When Congress enacted the Civil Rights Act and created Section 1983, our lawmakers contemplated that people deprived of their right under color of law could go to court and get a remedy. No “qualified immunity” was written into the law and none was contemplated. Even Justice Clarence Thomas, an originalist-textualist if there ever was one, states that the doctrine has no historical basis.
Richard Wolf, writing in USA Today, quotes the jurist from a 2017 case, charging that the “court routinely substitutes our own policy preferences for the mandates of Congress.”
The rule says that government officials may not be sued for violation of constitutional rights unless they are done under clearly established precedent.
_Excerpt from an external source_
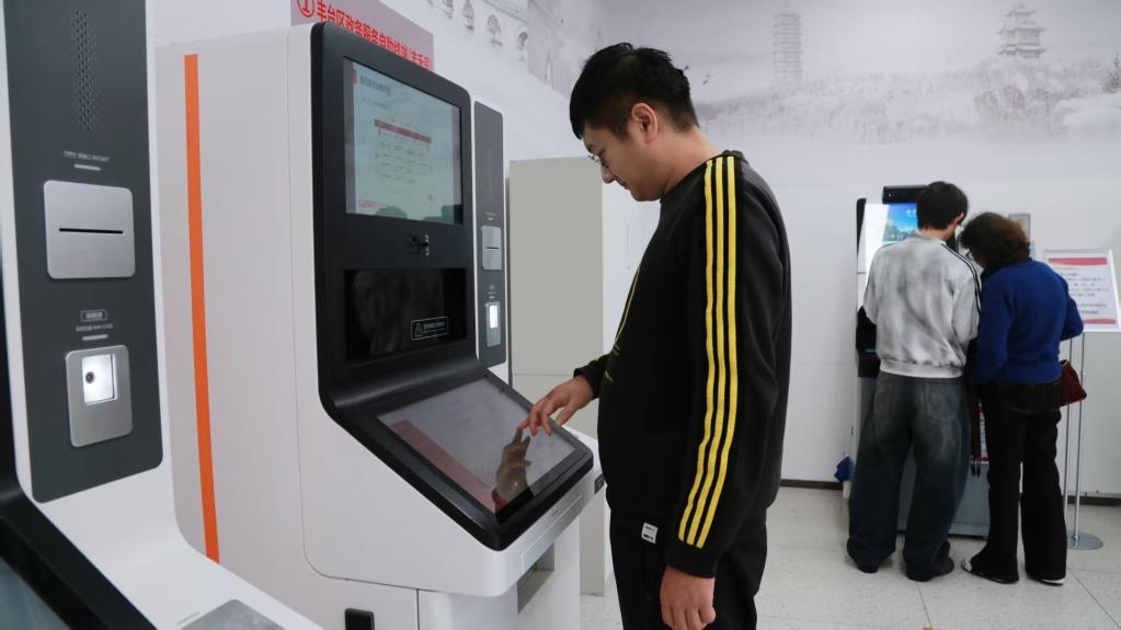 圖為市民在豐臺區(qū)政務(wù)服務(wù)中心“豐禾號”自助機使用“豐小政”辦理業(yè)務(wù)。(受訪者供圖)

A chief architect and promulgator of this barrier to a civil rights remedy was none other than the late Antonin Scalia, in the case of Anderson v. Creighton, 483 U.S. 635 (1987). Here he wholly buys into Harlow v. Fitzgerald, 457 U.S. 800 (1982), when he had a clear opportunity to remedy a calamitous error.
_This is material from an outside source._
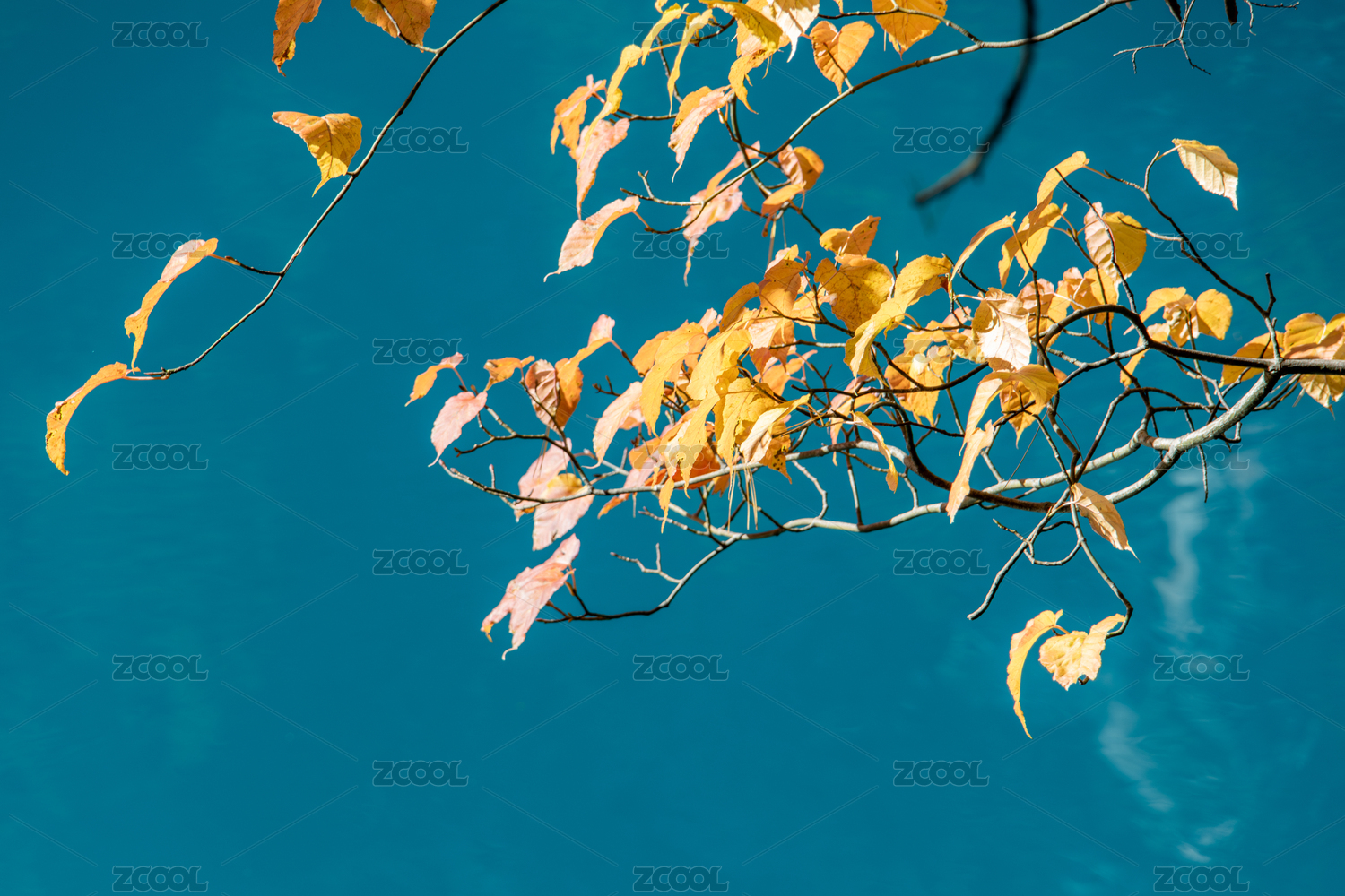 九寨沟秋色,静谧蓝色湖面和金秋黄叶

If you want to see a careful and thorough article examining the erroneous claim that the doctrine serves the end of judicial economy (a favorite justification by Scalia for judge-made rules limiting access to the courts), see Joanna Schwartz’s “How Qualified Immunity Fails,” 127 Yale L.J. 2 (2017).
The Supreme Court declined to hear Kelsay v. Ernst, 18-682, a case from the Nebraska federal district court that is an especially egregious example of police misconduct, without offering an explanation (along with two other cases), leaving still other cases for resolution at last week’s conference.
By the time you read this –as I’m writing at 7 a.m. Tuesday – the orders from the Friday conference should be down and we shall see whether the court will take the next step to right a gnawing wrong.